■ **Data for the task**
____

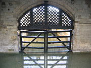 The water entrance to the Tower is often referred to as Traitor's Gate because prisoners accused of treason such as Queen Anne Boleyn and Sir Thomas More passed through it. Traitor's Gate cuts through St Thomas's Tower and replaced Henry III's watergate in the Bloody Tower behind it. Behind Traitors Gate in the pool was an engine used to raise water to a cistern located on the roof of the White Tower. The engine was originally powered by the force of the tide or by horsepower and eventually by steampower; this was adapted around 1724 to drive machinery for boring gun barrels. It was removed in the 1860s. The Tudor Timber Framing seen above the great arch of Traitor's Gate dates from 1532 and was restored in the 19th century.
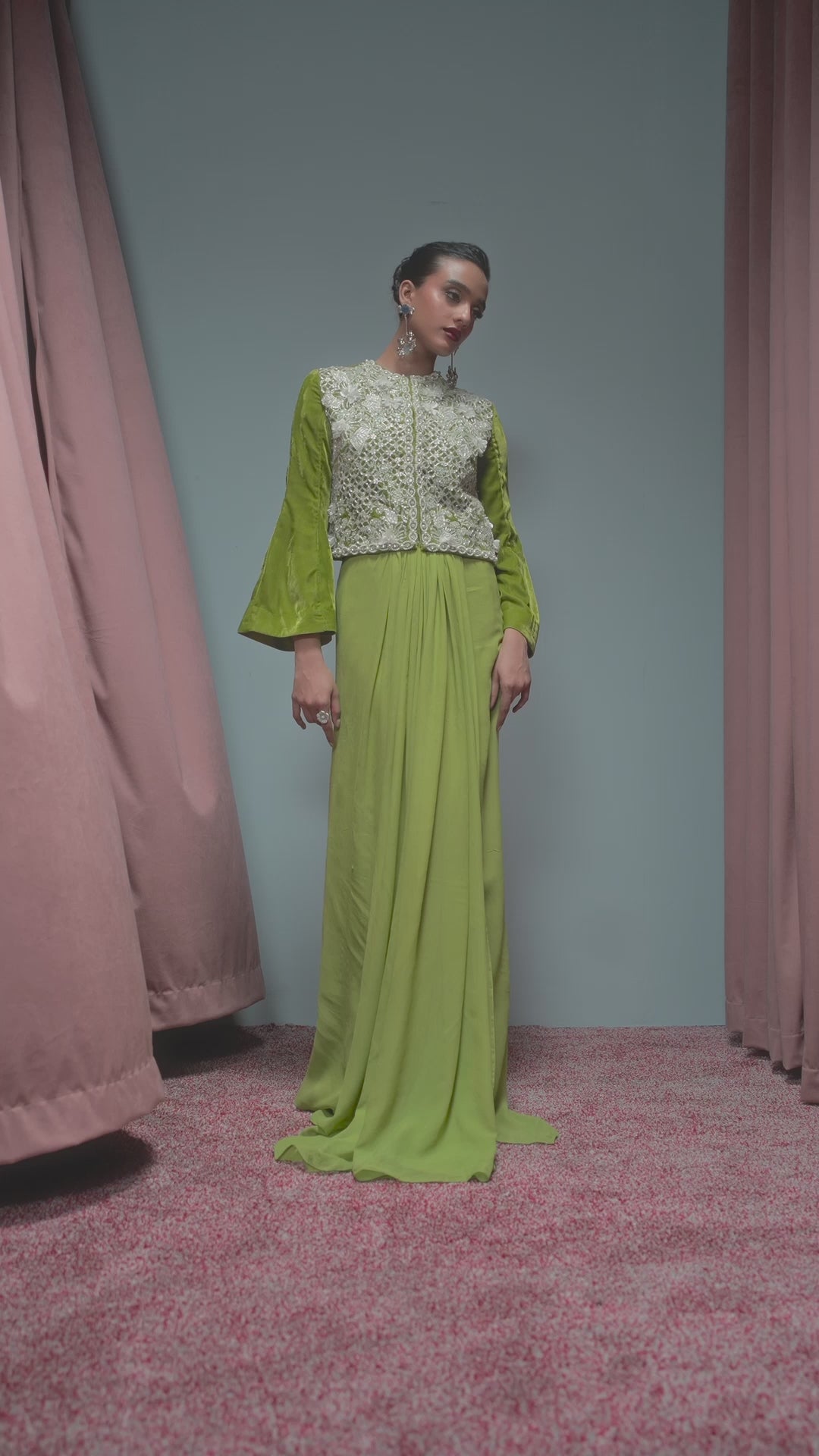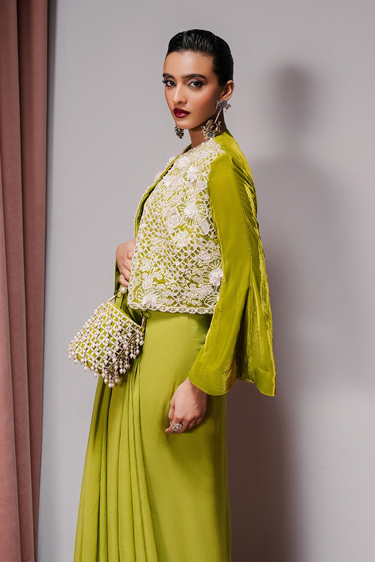 A captivating ensemble that brings together edgy elegance and contemporary flair. This set features a short velvet jacket in striking neon green, beautifully adorned with intricate all-white embroidery, shimmering beadwork, and accents of pearls, sequins, and crystals for a truly radiant finish. Paired with a softly draped chiffon skirt, the outfit flows gracefully, adding movement and charm.
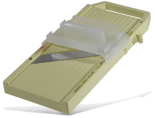 Mr. Slice Mandoline, 13-1/2"L x 5-1/2"W overall, 4-3/4" cutting platform, (1) flat blade cuts from 0.5mm to 3.5mm thick, (1) hand guard included, plastic, green
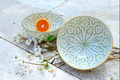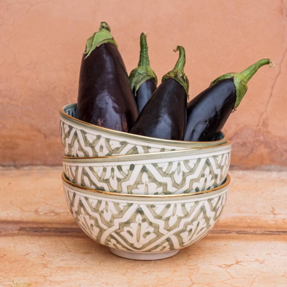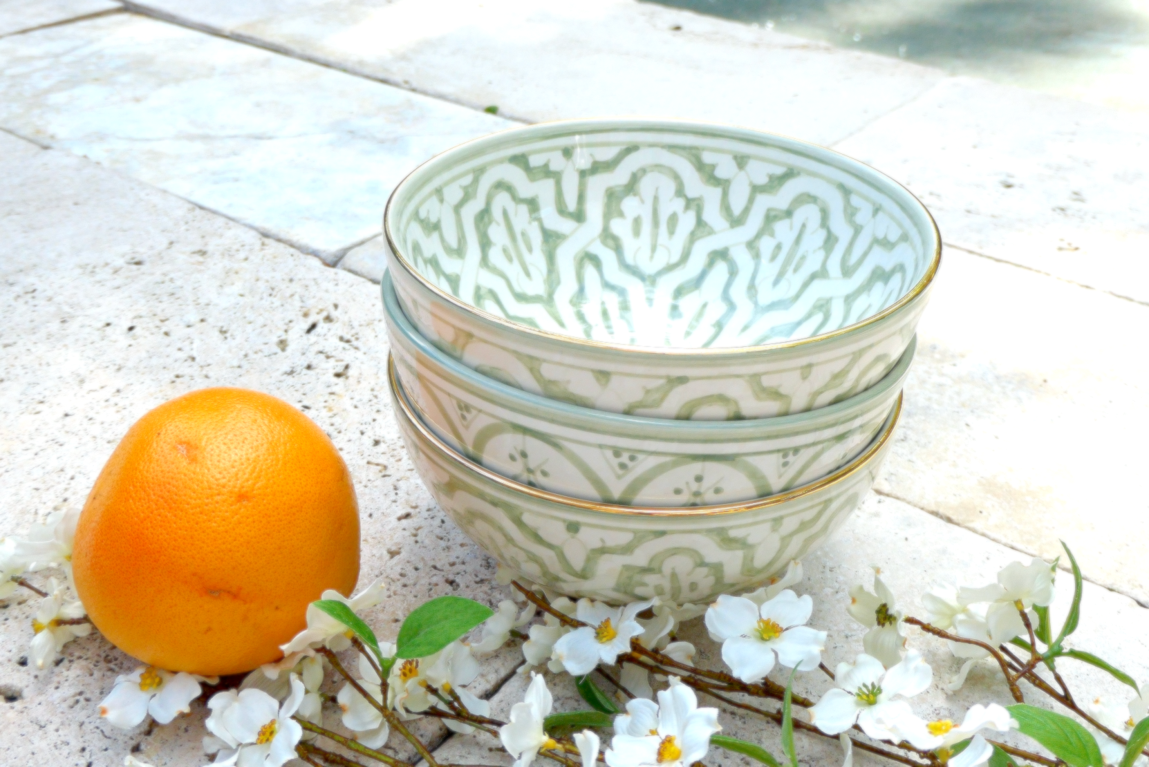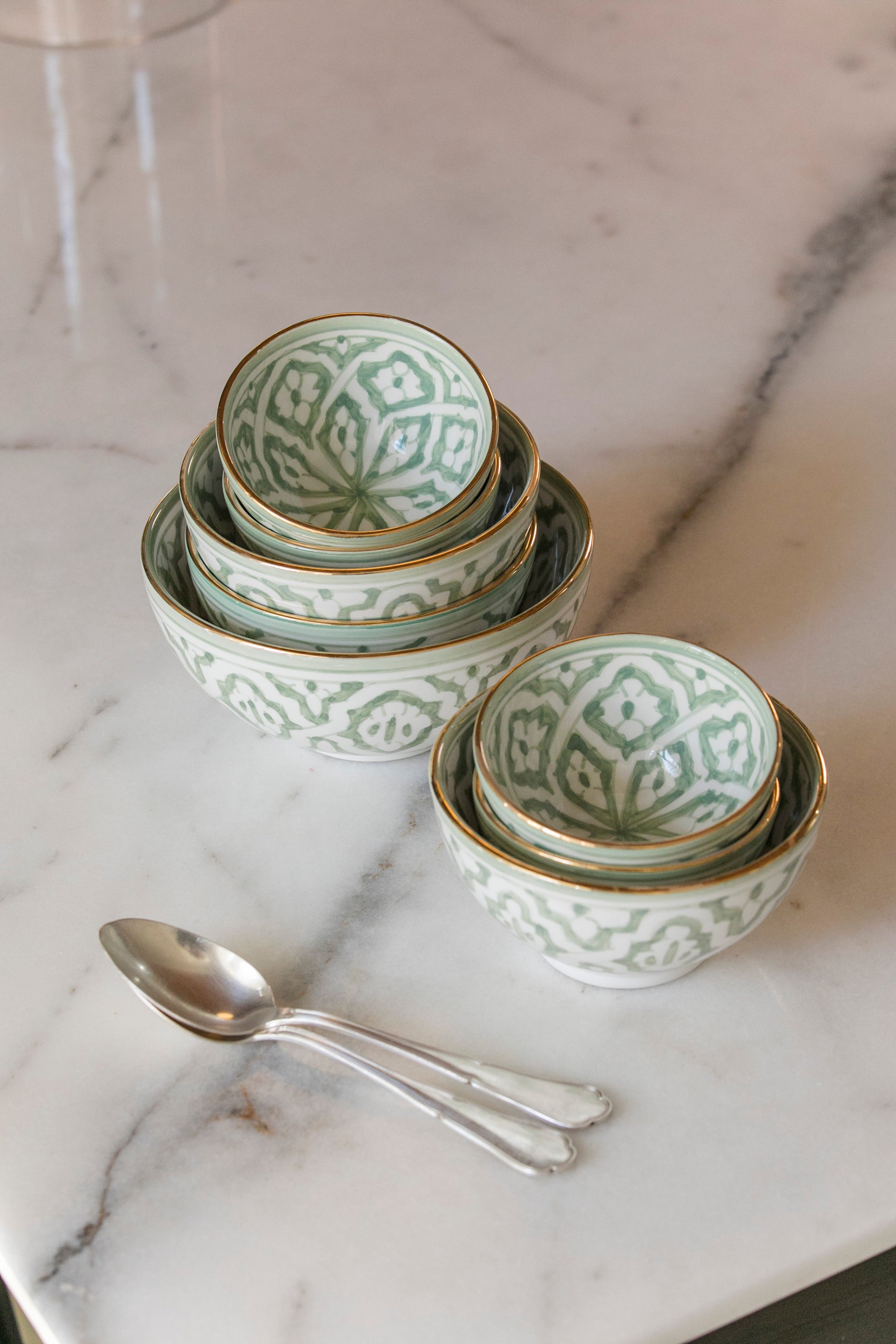 Inspired by traditional patterns from the historic city of Fez, a city renowned for its fine ceramics and zellige. Each bowl features intricate, hand-painted geometric and floral motifs in soft mint green against a warm ivory background.
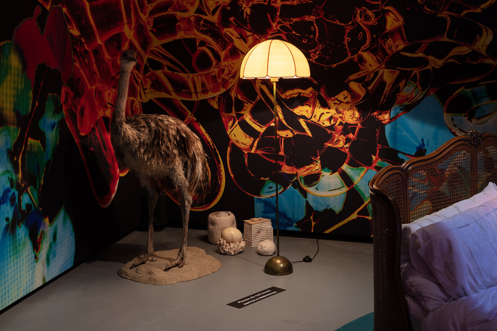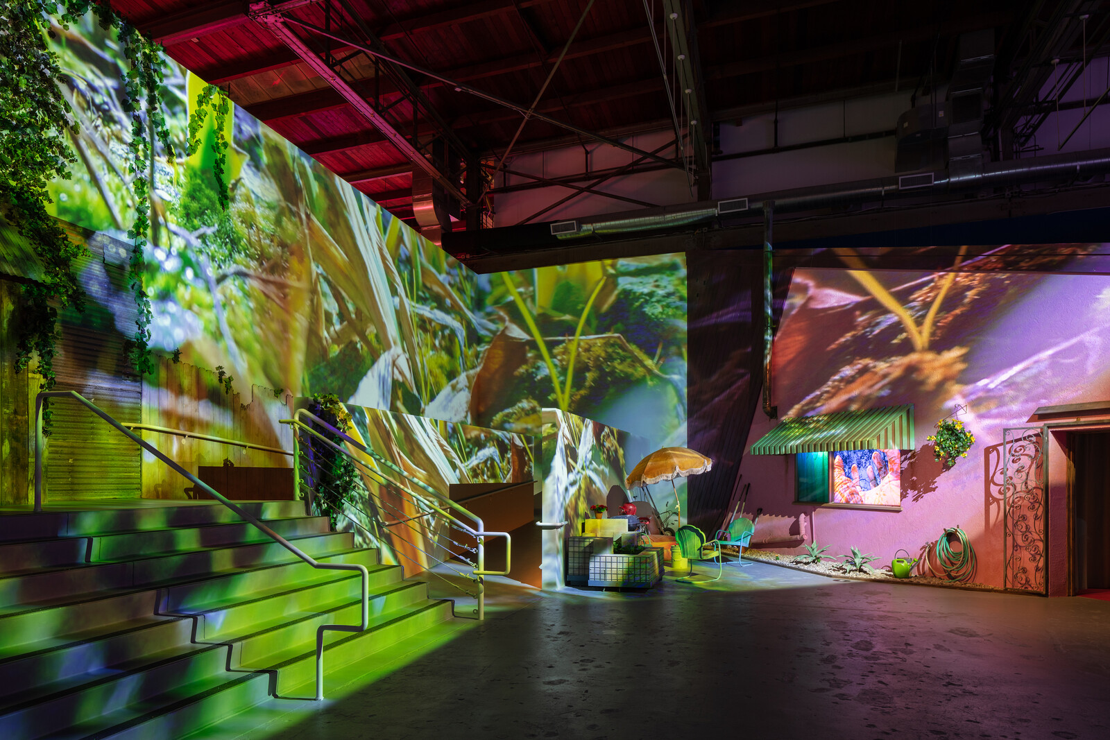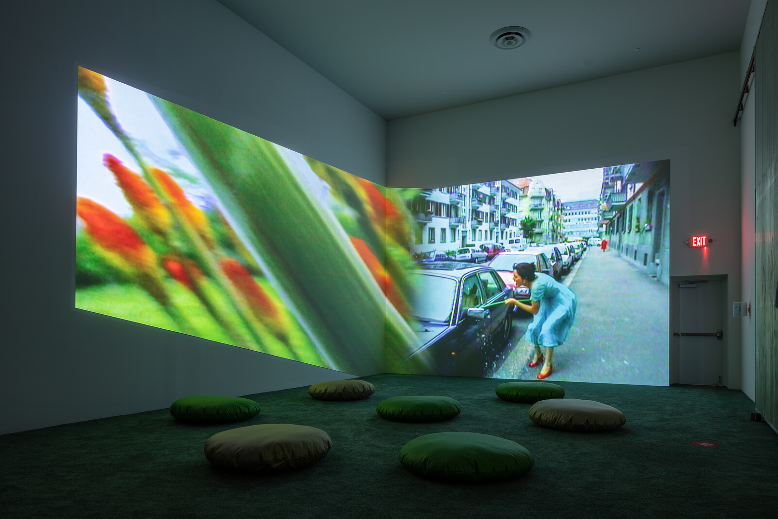 The neighborhood is anchored by two, maybe three sites. The first, to the left after the entrance, is “The Apartment,” a self-contained interior space filled with numerous works made between 2006 and 2019, many of which incorporate actual furniture and objects into tableaux. Couches, tables, and just enough clutter scattered around provide the requisite comfort of home. The second, to the right, is the aforementioned communal grounds; an “outdoor” space in and on which the newest works (for example, Neighbors Without Fences and Neighbor Understand on the Ground, both 2021) are projected on the exterior walls and grounds. And, then, maybe, there’s Pixel Forest Transformer (2016), one of Rist’s hanging LED “gardens.” I say “maybe” because this installation is more “non-site” than site, given how the shifts in color across its thousands of floating lights effects a pixel-by-pixel dematerialization. This transformational space moves us back to Rist’s earliest work, including Das Zimmer [The Room] (1994), a funhouse version of a living room in which oversized furniture faces a normal-sized monitor that presents a range of her inventive single-channel videos from 1986-2005.
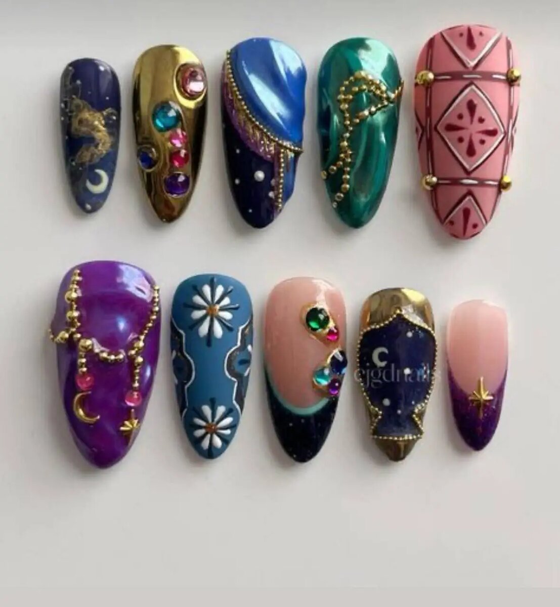Для данного маникюра следует выбирать темные оттенки лака, кристаллы, объемные дизайны, много золота и серебра, а также изображение звезд, луны и всего того, что ассооциируется с магической тематикой. Техники выполнения мистического маникюра могут варьироваться от простых градиентов до сложных художественных росписей. Например, эффект омбре с переходами от темного к светлому может напоминать ночное небо, полное звезд. Добавление блесток или фольги создает эффект мерцания, добавляя загадочности и волшебства. Мистический маникюр отлично подходит для особых случаев — вечеринок, праздников или просто для того, чтобы подчеркнуть свою уникальность в повседневной жизни. Он позволяет экспериментировать с образами и настроением, создавая вокруг себя ауру таинственности
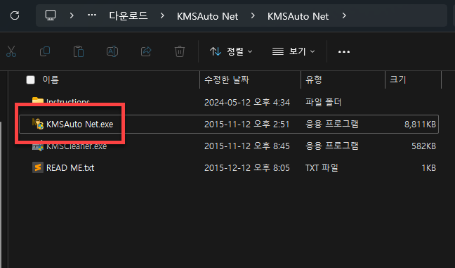 이 중 [KMSAuto Net.exe] 파일을 더블클릭해서 실행해줍니다.
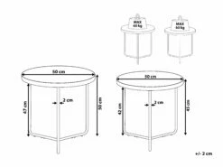 Verleihen Sie Ihrem Wohnzimmer einen modernen Charakter und schaffen Sie eine urbane Atmosphäre mit diesem industriell inspirierten 2er Set Couchtisch. Die runde Tischplatte in hellem Holzfarbton ist der perfekte Ort, um Kerzen, Pflanzen und Fotos zu präsentieren oder Ihren Gästen heiße Getränke zu servieren. Das multifunktionelle Set besteht aus drei Beistelltischen in verschiedenen Größen (klein und mittelgroß) . Die Möbelstücke können als Nachttische oder ein Akzent in Ihrem Eingangsbereich genutzt werden.

____

■ **Task item**
Only the lines from the one containing "이 중 [KMSAuto Net.exe] 파일을 더블클릭해서 실행해줍니다." through the final line of the entries belong in the copy, both ends included. Pictures stay out.

■ **Answer to this problem**
 이 중 [KMSAuto Net.exe] 파일을 더블클릭해서 실행해줍니다.
 Verleihen Sie Ihrem Wohnzimmer einen modernen Charakter und schaffen Sie eine urbane Atmosphäre mit diesem industriell inspirierten 2er Set Couchtisch. Die runde Tischplatte in hellem Holzfarbton ist der perfekte Ort, um Kerzen, Pflanzen und Fotos zu präsentieren oder Ihren Gästen heiße Getränke zu servieren. Das multifunktionelle Set besteht aus drei Beistelltischen in verschiedenen Größen (klein und mittelgroß) . Die Möbelstücke können als Nachttische oder ein Akzent in Ihrem Eingangsbereich genutzt werden.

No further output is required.